1. don’t sync redo log during innodb prepare stage if binlog enabled.

2. during flush stage of group commit (In function process_flush_stage_queue)
a) collect  group commit queue

b) call ha_flush_logs to sync redo log (make sure all redo log of prepared transaction in current 
queue were synced before writing to binlog)
--innobase_flush_logs have to be changed.

c) flush thread cache to binlog file for every thd in queue

a simple test:
sysbench , 20 tables with 100,000 records, update_index.lua

binlog_enhanced_flush : 0 means default logic, 1 means new logic described above (based on MySQL5.6.16)
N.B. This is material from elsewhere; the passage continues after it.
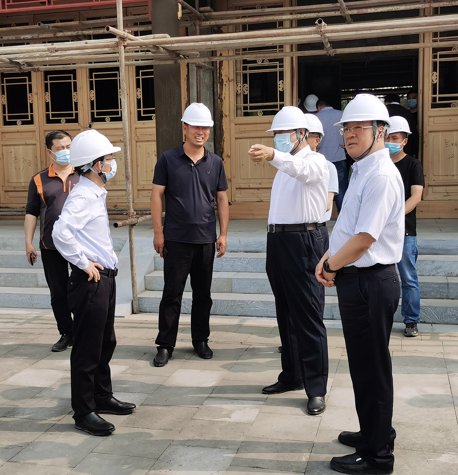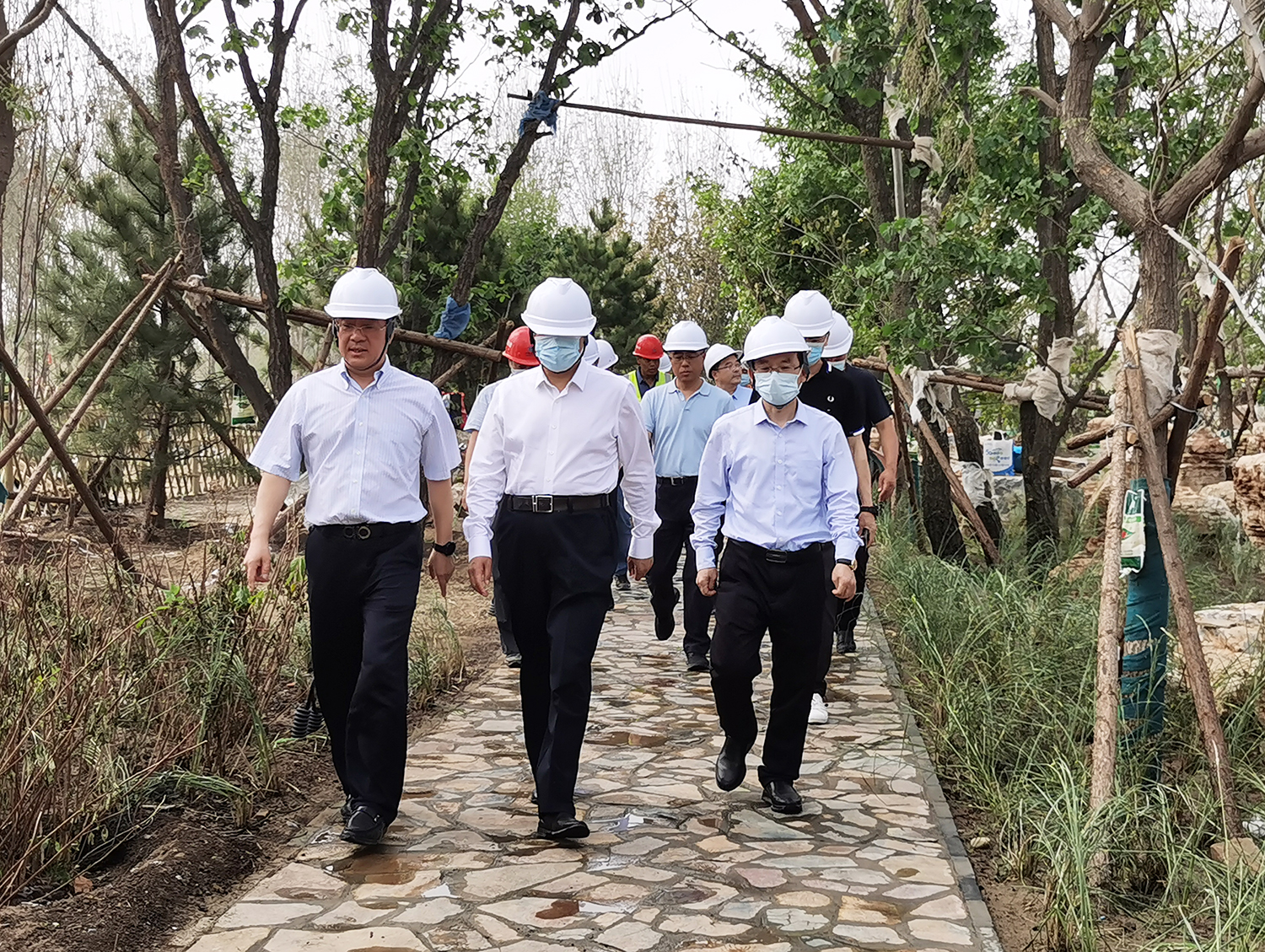張建軍董事長向吳清海書記匯報了雄安郊野公園承德園的規(guī)劃設(shè)計、功能布局、工程建設(shè)等有關(guān)情況后,吳清海書記一行實地踏查了承德展園施工現(xiàn)場。

threads binlog_enhanced_flush = 0 binlog_enhanced_flush = 1
8 2740 3000
16 4350 5400
32 7300 9800
64 11700 15800
128 18800 24000
256 24000 30000
512 30000 39000

How to repeat:
read the code 

Suggested fix:
I will attach a simple patch later to prove the performance improvement

patch based on 5.7.4, add new option binlog_enhanced_sync to control the new behavior

Attachment: bug73202.diff (application/octet-stream, text), 13.24 KiB.

Thank you for the report and contribution.

But of us to accept your contribution you need to sign OCA and contribute through "Contribution" tab. Please do it.

updated patch, code cleanup

Attachment: bug73202.diff (application/octet-stream, text), 12.96 KiB.

re-attach the patch (*) I confirm the code being submitted is offered under the terms of the OCA, and that I am authorized to contribute it.

Contribution: bug73202.diff (application/octet-stream, text), 10.94 KiB.

is there any comment ?

Thank you for the feedback and re-attaching the patch.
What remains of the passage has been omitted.